What we'll be listening to, watching, and reading to sate our pop culture needs.
Comedian Jen Kirkman’s gonna make you laugh, Anna North’s new novel might make you cry, and Holly Miranda’s second album will certainly make you dance—in other words, we’ve got a pretty rich weekend planned for you.
We’ve all eaten a block of cheese like a sandwich, right? No? Well, Jen Kirkman has and she’s not ashamed to talk about it, or the fact that she’s a childless divorcee about to turn 40 and what that means in our anti-“spinster” society. With this standup special (which just premiered on Netflix), Kirkman spins an hour’s worth of her incredibly smart, neurotic comedy and reminds us that it’s okay to die alone, we should even feel good about it.
Though Sophie Stark is at the center of Anna North’s new novel, we discover this complicated character—a documentarian whose ability to capture people’s true essence is just as good as her talent for making real-life connections is bad—only through the narration of those who know her. A character study with an unusual structure and riveting realism, Sophie, and Sophie, will not soon be forgotten.
Jennifer Connelly plays Nana, a mother who abandoned her two young sons in Peruvian director Claudia Llosa’s latest film Aloft. With a hint of magical-realism and more symbolism than dialogue, Llosa’s film, which also stars Cillian Murphy as one of Nana’s grown sons, and the always excellent Mélanie Laurent as a documentarian helping him search for his mother, is packed with beautiful, wintry landscapes, perhaps to help soften its uncomfortable look at motherhood.

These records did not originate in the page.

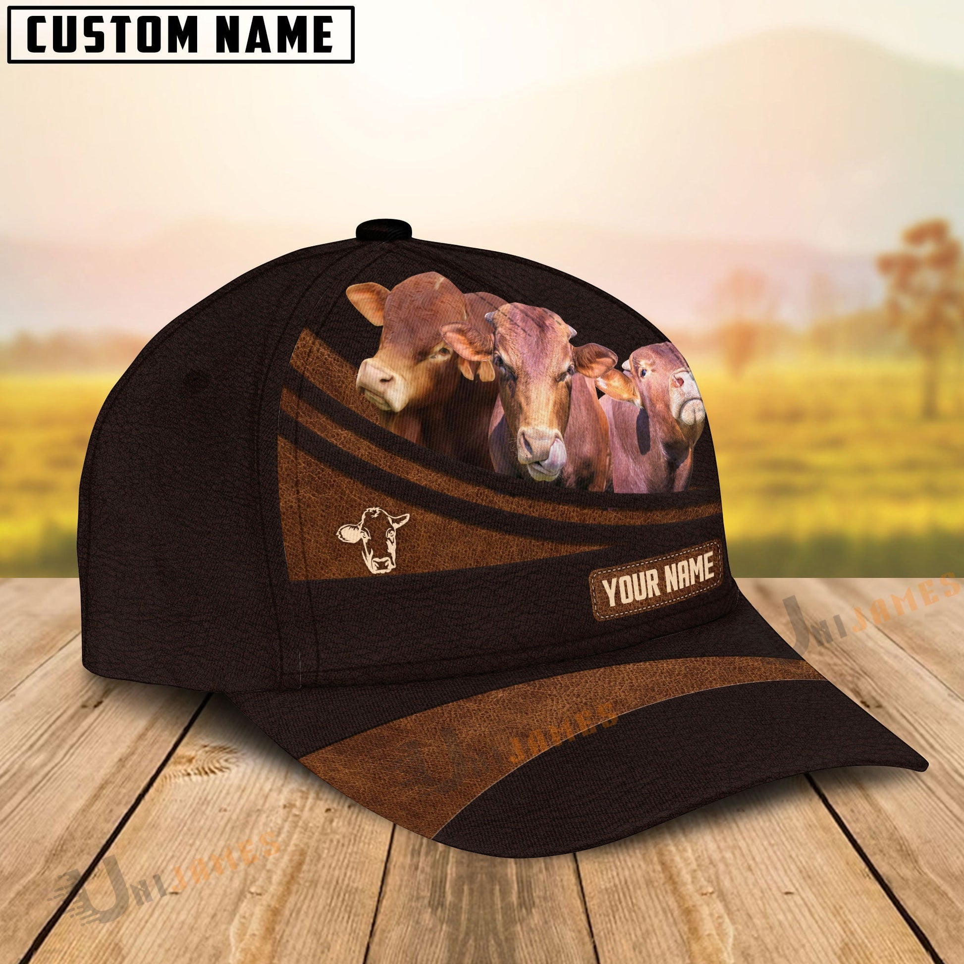 Uni Beefmaster Farm Leather Pattern Customized Name Cap
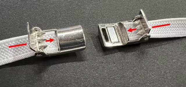 ④最後は左右のバックルを重ね結合して完成です。
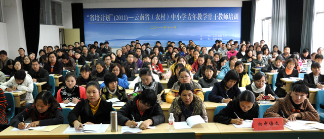 “省培计划(2011)”—云南省(农村)中小学青年教学骨干教师培训项目的初中语文、初中思品、初中化学、小学数学班于11月7日至11月18日在昆师路校区举办。本次培训计划培训人数187人,实际报到人数179人。11月8日上午举行了开班典礼,丁方副主任主持会议,熊绍宏主任对整个培训的目的意义、组织实施、培训要求作了说明,并介绍了永利官网发展现状。
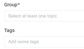 Após o campo Grupo, há um campo Tags onde você pode adicionar tags relacionadas ao conteúdo do seu post. Existem várias tags, então escolha com responsabilidade, porque outras pessoas usam essas tags para procurar ou classificar as informações quando estão pesquisando algo.

A mix of acoustic folk with a decent dose of pop-tinged rock, Holly Miranda’s self-titled sophomore album showcases the singer-songwriter coming into her own. With guitar, piano, sax, and strings filling the space behind her sassy lyrics—“The days are shorter, but the nights are long/We could fuck in the sun and dance till dawn”—Holly Miranda is a smorgasbord of musical tastes and talents.
Nell Zink takes her absurdist style and applies it to a story that addresses sexual orientation and race in ways you could never imagine in her second novel Mislaid. Set in the ’60s, Peggy, a White lesbian, marries Lee, a White gay man, and they have two children before she runs off with their daughter and changes both of their identities to that of African-Americans via Virginia’s “one-drop rule.” It’s a satire of life in the South, one that comes with a hefty helping of Zink’s scathing kookiness.